Prefer Investozora on Google
Get real-time financial updates.
If you already enrolled your child in a Trump Account, the $1,000 government contribution should be reaching it now. The Treasury Department confirmed that eligible children began receiving the pilot program deposit starting July 4, 2026, alongside the ability for parents, family members, and employers to make their own contributions.
Enrollment and activation are two separate steps, and it’s worth understanding both. To enroll a child, a parent or guardian signs in to their IRS online account using ID.me and submits Form 4547, the Trump Account Election form.
Once that’s processed, activation is a second step: you download the official Trump Accounts app from the App Store or Google Play, or use the web version at trumpaccount.com, and enter your information as parent along with each eligible child’s details. Families who already filed will receive an activation email specifically from no-reply@trumpaccounts.treasury.gov.
Eligibility is narrower than the program’s name suggests. To activate an account, the child must be under 18 with a valid Social Security number and must not already have one established.
The $1,000 government contribution specifically goes to children born between January 1, 2025 and December 31, 2028, meaning older children can still have an account opened but won’t receive that one-time deposit.
The account itself is a tax-deferred structure created under the One Big Beautiful Bill Act, with funds automatically invested in an S&P 500 index fund, so its value moves with the market rather than staying fixed, a meaningfully different structure than a savers match program or a traditional savings account.

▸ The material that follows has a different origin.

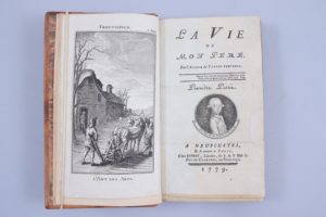 RESTIF DE LA BRETONNE, Nicolas-Edme. La vie de mon père. Par l'auteur du Paysan perverti. A Neufchâtel, et se trouve à Paris chez Esprit; Libraire de S.A.S Mgr le Duc de Chartres. 1779. Deux parties en 1 vol. in-12, (4 ff), 152 pp ; 139 pp et (3...

Because a new federal program always attracts scammers, Treasury has been explicit about legitimate contact. Official activation emails come only from the address above, and the Treasury will never contact you about a Trump Account by mail, text, or phone call.

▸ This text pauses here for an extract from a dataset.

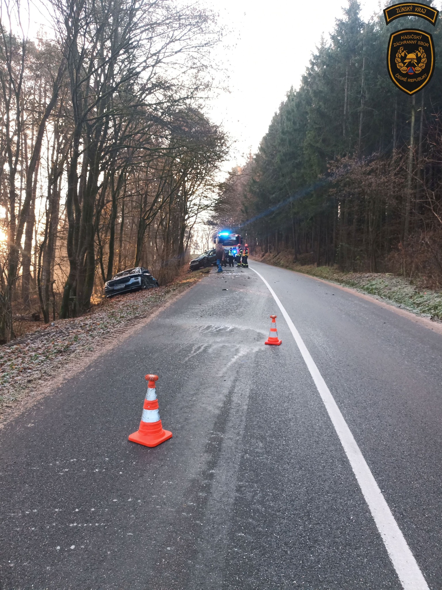 Během dopoledne tak hasiči zasahovali celkem u 11 dopravních nehod. Jedna z nich byla v rámci mezikrajské výpomoci na Přerovsku u obce Zámrsky.

If you receive an unexpected call or text about your child’s account, treat it as suspicious regardless of how official it looks, and go directly to trumpaccounts.gov instead of clicking any unsolicited link.
If you’re setting this up for the first time this week, confirm you have an active IRS Online Account first, since that login is required for both the election form and activation. Once processed, download the Trump Accounts app rather than searching for it, to avoid impostor listings, and enter your details exactly as they appear on your IRS records.
Remember that money invested in the market can lose value as well as gain it, and the account can’t be accessed until your child turns 18 except in narrow circumstances, a rule worth weighing against the broader 4 million children already enrolled nationwide.